Your Guide To Misdiagnosis Of Bowel Conditions

Originally published on: May 21st, 2018. Last modified on January 29th, 2022

Being diagnosed with a bowel condition is a life-changing experience, and most are simply relieved to have a diagnosis and a direction to follow for treatment.

What if you’re several months or years down the line with treatment and aren’t getting better? What if you’re getting worse?

Unfortunately, many bowel conditions are hard to treat and long-term testing of medications to tailor your treatment is common, but in some rare cases, the wrong diagnosis might have been given meaning that treatment will not only fail but could cause your condition to persist or worsen.

If you’re reading this article, then you suspect or recently became aware that something is wrong with your treatment. Before we tackle actions to take, let’s address the ways you can be misdiagnosed or wrongly treated.

Bowel Xray

What ways can I be misdiagnosed?

Misdiagnosis of bowel conditions can take on a few different forms, but the most obvious is that you were diagnosed with a condition you do not have.

For example:

  • You have Crohn’s but were misdiagnosis with diverticulitis, or
  • You have bowel cancer and were misdiagnosed with IBS

In these sorts of situations, treatment for either condition is very different and mistreatment, due to your condition being wrongly identified, could be harmful to you.

When it comes to bowel and digestive problems, a lot of symptoms are quite similar, and so the following conditions can be misdiagnosed as another –

  • Coeliac disease
  • Food Intolerances
  • Irritable bowel syndrome
  • Irritable bowel disease
  • Colitis
  • Diverticulitis
  • Crohn’s disease
  • Endometriosis
  • Colorectal cancer

This list is by no means exhaustive, as some other illnesses can also affect gut health, and present with common symptoms of diarrhoea, constipation, blood in your stools and abdominal pain. However, the diagnoses of many of the listed conditions have very different methods of testing that should lead to the correct disease being identified.

Even when several different diseases use the same method of testing, such as a colonoscopy, the test results are usually distinct enough to produce a correct diagnosis. This might be where your problem lies; the correct tests were not carried out.

What other problem can I have with treatment?

Misdiagnosis isn’t the only problem you can face with treatment, there are two other ways you can encounter difficulties.

Firstly, you might have contended with delayed diagnosis, which is when a doctor does not carry out appropriate testing over an extended period of time despite your symptoms. This can mean your condition gets worse or becomes harder to treat because it has developed so much further.

Secondly, you may face poor treatment, which means you may be diagnosed correctly but are still given incorrect treatments or are not given check-ups to monitor your condition. For example, if you suffer from ulcerative colitis your chances of developing bowel cancer are increased and you should have regular check-ups to monitor your health.

What action should I take?

Even with an explanation of how you can encounter medical negligence and the conditions it can affect, you may still be unsure whether any of this applies to you.
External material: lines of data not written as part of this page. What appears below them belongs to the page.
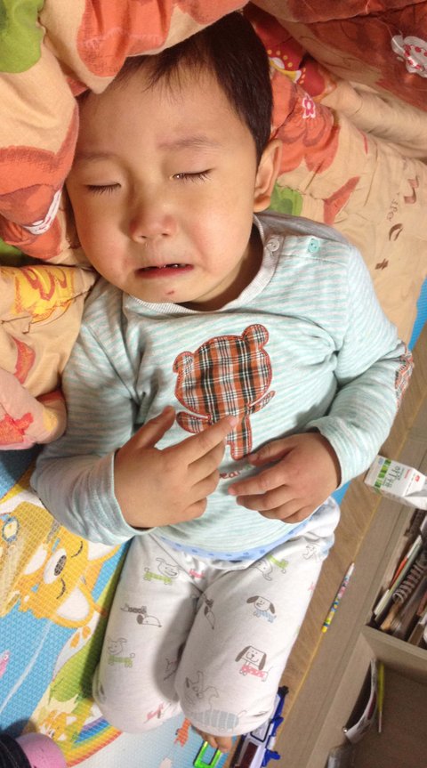 울다가 저표정 저자세로 자는 민기♥
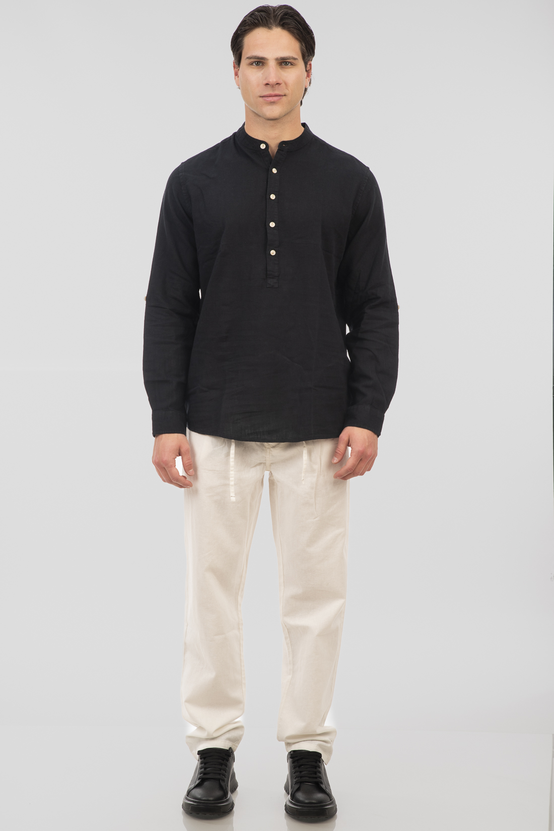Men’s Shirts Linen Blend with Long Sleeves, Mao Collar and Half Button Placket
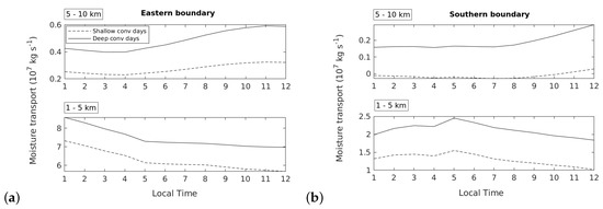 We estimate for two layers: below and above 5 km, following from the previous analysis, to explore the importance of the humidity advection in each layer. Figure 15 shows that moisture transport is always larger in the eastern boundary for both layers, although with an order of magnitude of difference between the two layers. As expected, the humidity that enters the Peninsula is always larger on DC days. However, a more surprising result is that on SC days the humidity entering through the southern boundary in the 5–10 km layer is near zero during the morning and up to 10 LT (Figure 15b, top panel). This indicates that an important source for convective development—moisture advection from the Caribbean Sea—is missing; in contrast, in DC days there is a strong moisture flux through the southern boundary in this layer, with values up to 2 × 10 kg s. This moisture flux is an important element to trigger deep convection, since low- to mid-levels during the early morning are more humid providing shallow convection with a more favorable environment for the transition.
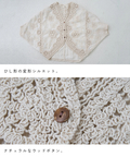 関連キーワード: カーディガン レース 綿100 Vネック 変形 ドルマン 羽織り 刺繍 花柄 ボタン 木調 ナチュラル カジュアル 春 夏 大人カジュアル エイジレス
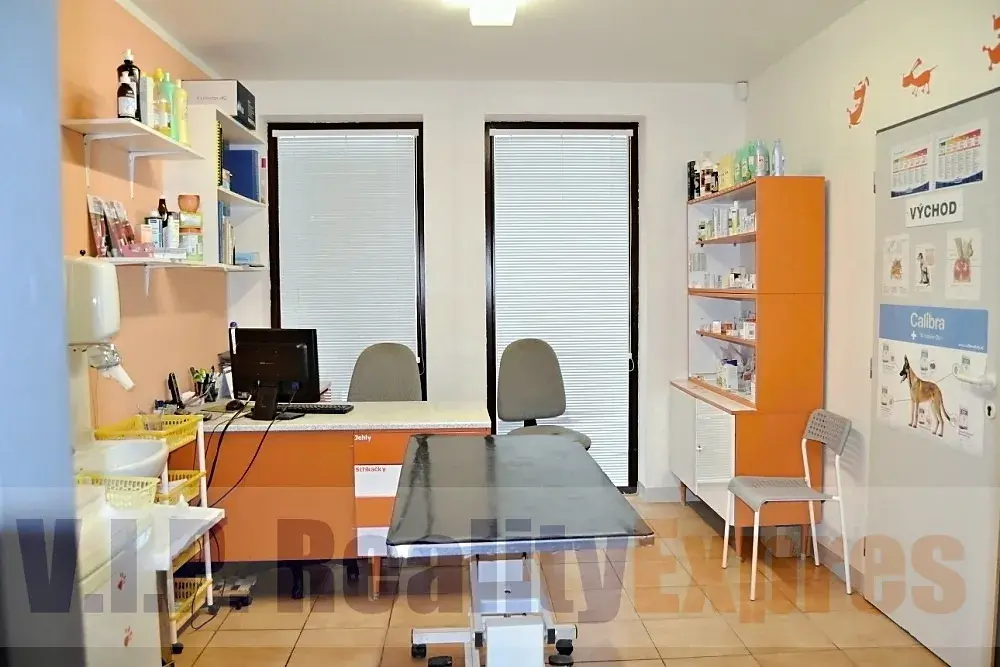 Prodej zavedené a plně funkční veterinární kliniky v přízemí moderního bytového domu na Proseku. Prodává se 100 % podíl zavedené firmy s klientelou, nebytový prostor o ploše 240 m2 a garáž 19 m2. Prostor je rozdělen na tři samostatné části. Veterinární klinika 130 m2 (včetně vybavení a přístrojů), přednášková místnost 63 m2 s kuchyňkou a dvěma samostatnými toaletami a nezařízený prostor 47 m2. Parkování pro klientelu za domem. Samostatná garáž se sousedící chodbou s přístupem do kliniky. Klidná lokalita v zeleni, 5 minut chůze od stanice metra Střížkov. Majitel preferuje prodej veterináři!
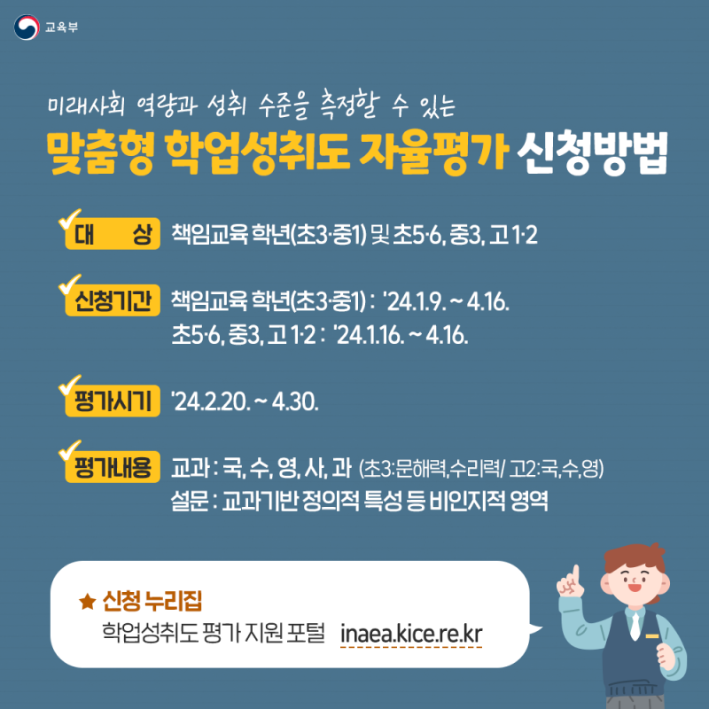 교육부(부총리 겸 교육부장관 이주호)와 한국교육과정평가원(원장 오승걸)은 학생 개개인의 학업 수준을 정확히 진단하기 위한 맞춤형 학업성취도 평가를 2024년 초에 시행한다고 합니다.

If this is the case, the first place to go is your main doctor or consultant who you should have a frank discussion with. If this is intimidating or makes you uncomfortable, you can access NHS PALS (Patient Advice and Liaison Service) who can explain why certain steps may have been taken if they are a common patient path, or they can act as an intermediary if your case has been handled differently. Not only that, but should you feel it necessary after conversing with them, they can help you make a complaint against the doctor, medical practice or hospital.

What should I do if I really have been misdiagnosed?

Your priority will be ensuring you receive the correct tests to determine your condition and then beginning the appropriate treatment. This will also be the top priority of any medical staff involved in your treatment thus far.

After this, should you feel you want to, you should make a formal complaint via NHS PALS. This will often lead to an investigation of your case which will hopefully pinpoint where problems with your treatment occurred and, if necessary, will help to inform new procedures that will prevent something similar happening again. However, a formal complaint and investigation do not automatically lead to change, so it’s best to expect a simple explanation and, perhaps, an apology.

Taking further Action

Should you feel that a complaint is not enough for the error made, or you suffered financially because of it, you might wish to make a claim for compensation. Many law firms that handle such claims have to be very specific about what criteria a case meets and so will ask many questions and ask you to provide and sign a lot of paperwork; therefore it is necessary that you are certain this is a course of action you want to take while you are in treatment and recovery.

To give you an idea of what’s involved, if you were to make a bowel cancer claim, for example, you’d need to:

  • begin the claim within three years of finding out about the error or misdiagnosis
  • provide medical records
  • meet with medical experts retained by the law firm
  • give a statement of what happened
  • possibly have family members or friends give statements
  • provide evidence of financial losses that are due to your illness
  • and possibly (although it is very rare) go to Court

For many, the process is worth the outcome, but for others, the process is too demanding; whatever your decision about making a claim, ensure it is yours and you are not pressured by outside sources.